O Assassinato de Ahmad Ibn Ismail: Lutas pelo Poder no Império Samanid

Por Adam Ali

O emir Ahmad ibn Ismail foi assassinado no ano de 914. Esta é a história de por que ele foi morto e a luta pelo poder que ocorreu após sua morte.

Ahmad ibn Ismail (907–914) foi um membro da dinastia Samanid, que governou um vasto império que dominou a parte oriental do Califado Abássida desde o final do século IX até o século X. A história oficial dá duas razões para seu assassinato. A primeira foi que ele mostrou favor excessivo para com a classe acadêmica e religiosa em sua capital, Bukhara (que agora se encontra no Uzbequistão). Os escravos de Ahmad estavam infelizes por serem negligenciados e com o patrocínio e a riqueza que seu mestre concedeu aos estudiosos da cidade. A segunda razão dada nas histórias oficiais é que Ahmad ibn Ismail executou vários de seus escravos por má conduta e seus camaradas estavam ansiosos para vingar suas mortes.

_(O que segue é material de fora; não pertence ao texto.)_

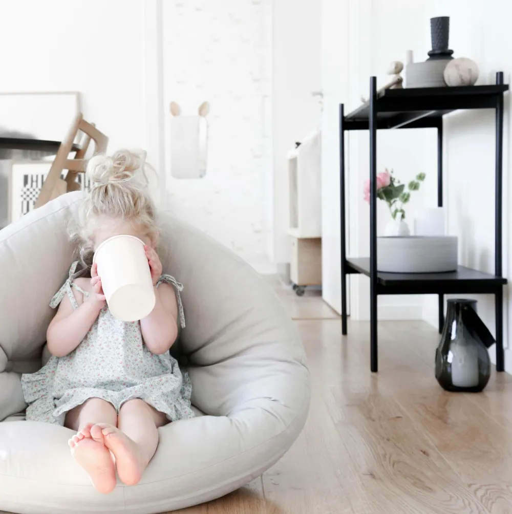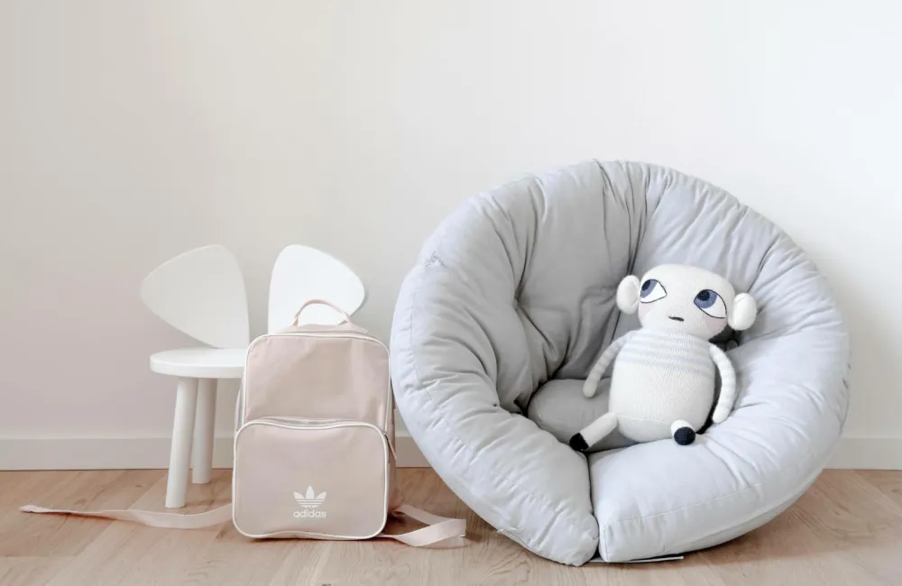Read . Unstrap . Play – Mini Nido er perfekt til krudtugler, som her får et personligt rum. Løsn de fire velcro stropper på bagsiden af Mini Nido, og det bliver hurtigt en halvmåne-futon, velegnet til en lur, som improviseret seng eller det perfekte legested. Sæt to åbne Mini Nidos sammen, og skab en indbydende cirkelrund seng, hvor barnet kan nyde både leg og afslapning. Design af Anders Backe, Anne-Sofie Voss, Ida Sofie Lange, Lars Wigh og Troels Rask Pedersen for Karup Design.

No entanto, há outro relato feito por um autor medieval, Ibn Zafir, que lança muito mais luz sobre os eventos que ocorreram que levaram ao assassinato do emir e às consequências do regicídio. O relato de Ibn Zafir traz à luz a amarga rivalidade entre dois grupos: os escravos turcos que formavam a guarda de elite do emir de elite e os Bukharans (principalmente a pequena nobreza / nobreza livre e os membros nascidos livres do exército). O manuscrito de Ibn Zafir, que descreve esses eventos, foi traduzido por Luke Treadwell, e é por meio desse relato que irei delinear a série de eventos que levariam ao assassinato do emir.

Quem eram os samânidas

Antes de entrar na história, gostaria de contextualizar os eventos que serão contados, apresentando um breve esboço da dinastia Samanid, suas origens, ascensão ao poder e sua importância na história islâmica. Também discutirei brevemente a “escravidão” e suas várias formas no mundo muçulmano pré-moderno, que difere muito do entendimento padrão do que a escravidão é / foi na história ocidental.

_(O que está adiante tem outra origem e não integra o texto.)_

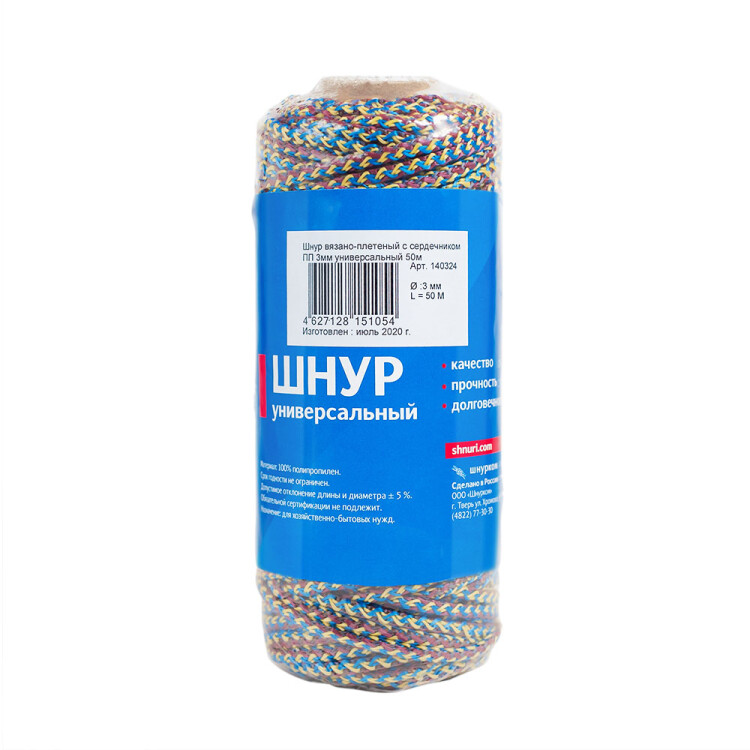 Шнур вязаный с сердечником 3мм универсальный меланж 50 метров

Os samânidas aparecem pela primeira vez em cena durante o governo do Khurasan de al-Mamun. Al-Mamun foi filho do califa abássida Harun al-Rashid (r. 786-809). Seu pai o havia nomeado governador de um Khurasan autônomo e como o segundo na linha de sucessão ao califado depois de seu irmão mais velho, al-Amin. O arranjo de Al-Rashid para sua sucessão foi uma das principais causas para a devastadora Guerra Civil Abássida entre os irmãos durante os anos 811-813 (durando até 819 no Iraque até que o vitorioso al-Mamun marchou de volta para Bagdá vindo de Khurasan). Os samânidas apoiaram al-Mamun antes da guerra civil contra o rebelde Rafi ibn Layth e também durante a guerra civil contra seu irmão.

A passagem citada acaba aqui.